У Георге действительно нет пароксизмов Рембо, судорог Корбьера, срамных стигматов Бодлера, черного сюрреализма Лотреамона. Если красивые диссонансы стерильной идеальности Георге не намекают на трансцендентность, с которой более нет гармонии, то на что они намекают? Что ценит Альгабал в самоубийстве раба-лидийца, как молочно-белые лепестки цветка становятся крыльями злого ангела, почему сафьяновый башмачок стал предметом одержимости иностранца в вымершем городе? Но стоит ли задавать вопросы, падая в золотой, серебряной и стальной колесницах… В «Гимнах», «Пилигримах» и особенно в мрачном и пряном «Альгабале» можно найти напрасное усилие, взлет в ирреальное, игру возбуждений и импульсов, а также ту напряженность тона, которая, удивительным образом сохраняя кристаллическое спокойствие и даже отрешенность, становится самой организацией и архитектоникой циклов. К какому предельному пункту скользит подвижная структура трилогии Георге? Конечно, к бездне.

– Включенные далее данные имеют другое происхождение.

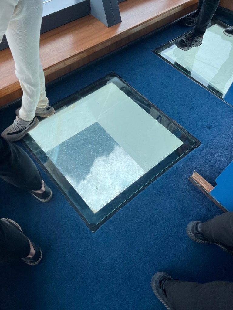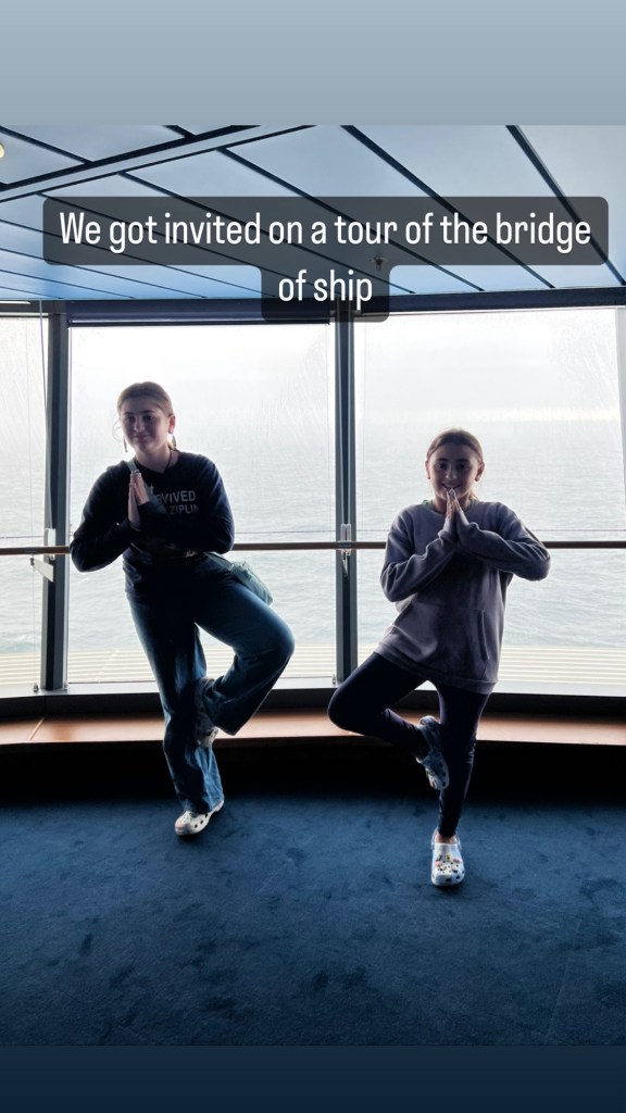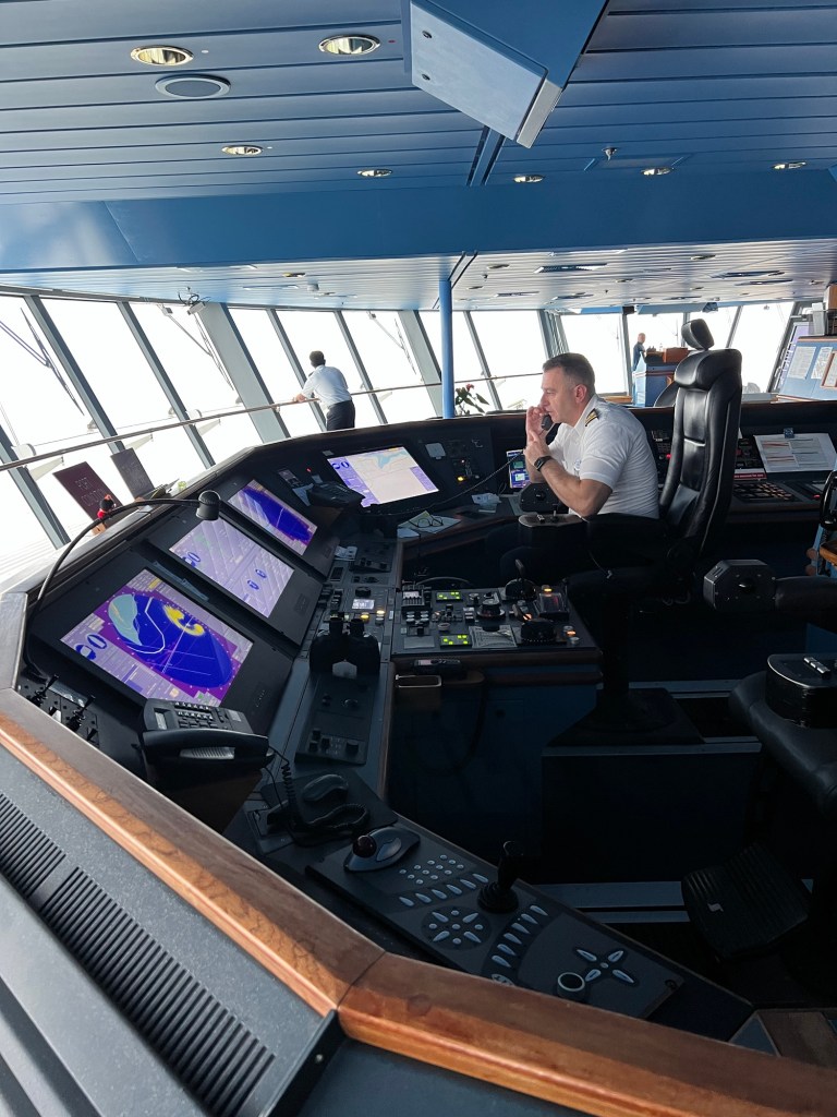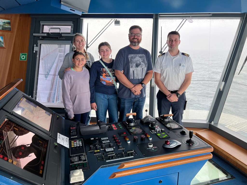 The boat seemed to shudder to a stop, the engine noise changed and the wake stopped. After a short minute, the boat resumed but at a slower speed. There were no announcements and the crew didn’t seem worried so we figured everything was okay. After bingo, we made our way up to the captains bridge. We had been invited to meet the captain and tour the bride. At this point, we were having trouble walking. The boat was really rocking. We all felt unstable. We made it the captains bridge and got to tour it. The captain had to take care of something (maybe a broken engine…?) and was not able to be there. We still were able to meet several crew members and see how the ship was run.

Но происходит это образом, указанным в формуле Мартина Хайдеггера «обнаружить в unheil (несчастье) heil (благо)» – речь нисколько не о смирении, а скорее, о ницшевском лозунге amor fati, приложенном в эстетическом ключе. Георге-мыслитель не довольствуется заменой этики на эстетику, его эстетика теснит отступающую в прошлое метафизику, с которой Георге-провидец, мыслеобразно оставаясь приверженцем неоплатонизма, проводит странный эксперимент, идущий много дальше наследующего катафатическому богословию формального идеализма. В результате его поэзия содержит отчаяние, но не предъявляет и не навязывает его, поскольку всякое отчаяние затмевается (или высвечивается и выжигается) беспощадным разворотом прекрасного. Эту очень тонкую консервативную позицию Георге, позволяющую ему застыть перед музой с пальцем у рта, создать новый язык, но не обречь таковой на тотальную негацию по отношению к трансцендентному, опознает Хайдеггер, у которого Георге наряду с Гёльдерлином, Траклем и Рильке становится не только любимым поэтом, но и онтологическим собеседником.